[Exercise] Print the data exactly as written, but leave out each picture.

[Dataset excerpt]
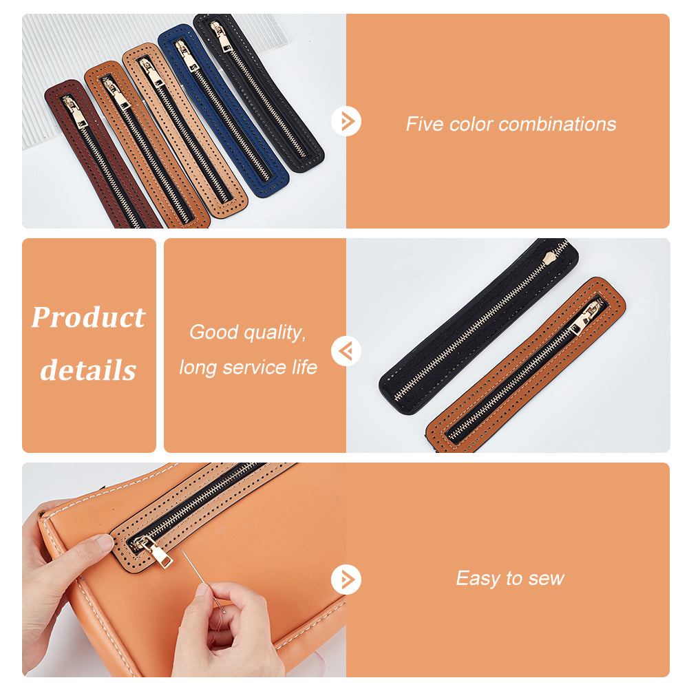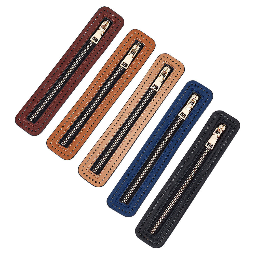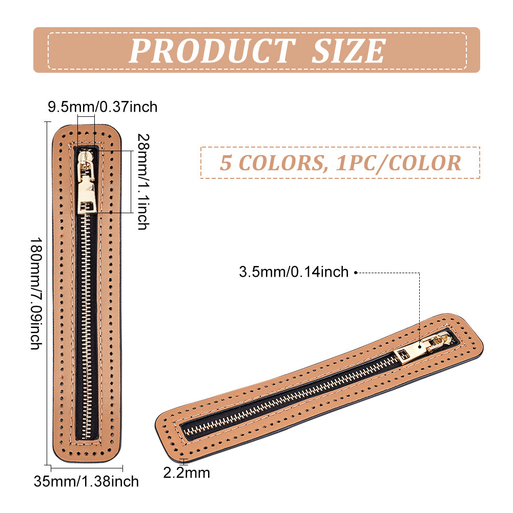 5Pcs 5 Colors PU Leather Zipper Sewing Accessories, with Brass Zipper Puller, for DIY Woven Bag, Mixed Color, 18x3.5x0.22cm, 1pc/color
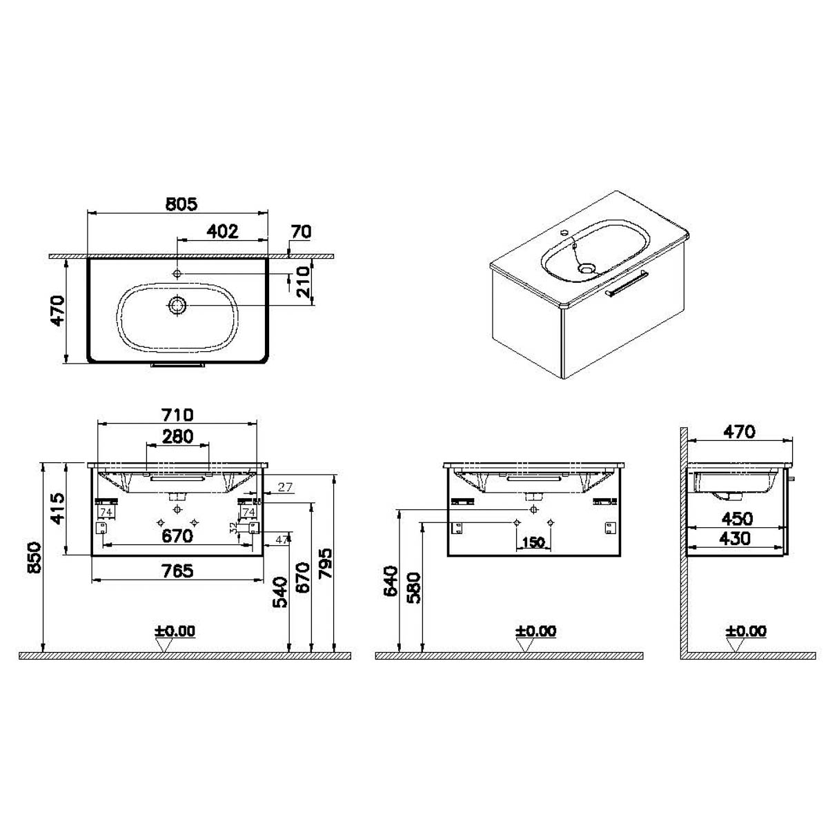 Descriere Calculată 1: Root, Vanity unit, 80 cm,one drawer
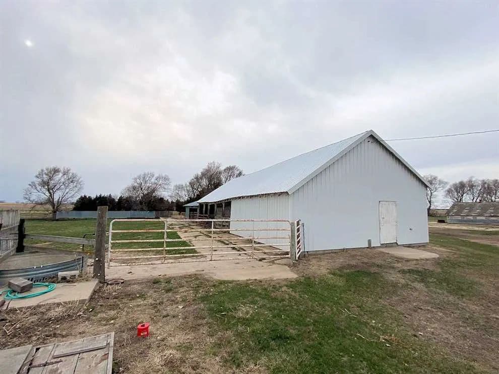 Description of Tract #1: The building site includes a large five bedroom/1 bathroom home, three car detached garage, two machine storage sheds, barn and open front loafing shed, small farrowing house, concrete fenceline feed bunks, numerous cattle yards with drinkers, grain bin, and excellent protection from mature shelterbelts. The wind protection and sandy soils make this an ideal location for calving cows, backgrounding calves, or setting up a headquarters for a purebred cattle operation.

[The completed task]
 5Pcs 5 Colors PU Leather Zipper Sewing Accessories, with Brass Zipper Puller, for DIY Woven Bag, Mixed Color, 18x3.5x0.22cm, 1pc/color
 Descriere Calculată 1: Root, Vanity unit, 80 cm,one drawer
 Description of Tract #1: The building site includes a large five bedroom/1 bathroom home, three car detached garage, two machine storage sheds, barn and open front loafing shed, small farrowing house, concrete fenceline feed bunks, numerous cattle yards with drinkers, grain bin, and excellent protection from mature shelterbelts. The wind protection and sandy soils make this an ideal location for calving cows, backgrounding calves, or setting up a headquarters for a purebred cattle operation.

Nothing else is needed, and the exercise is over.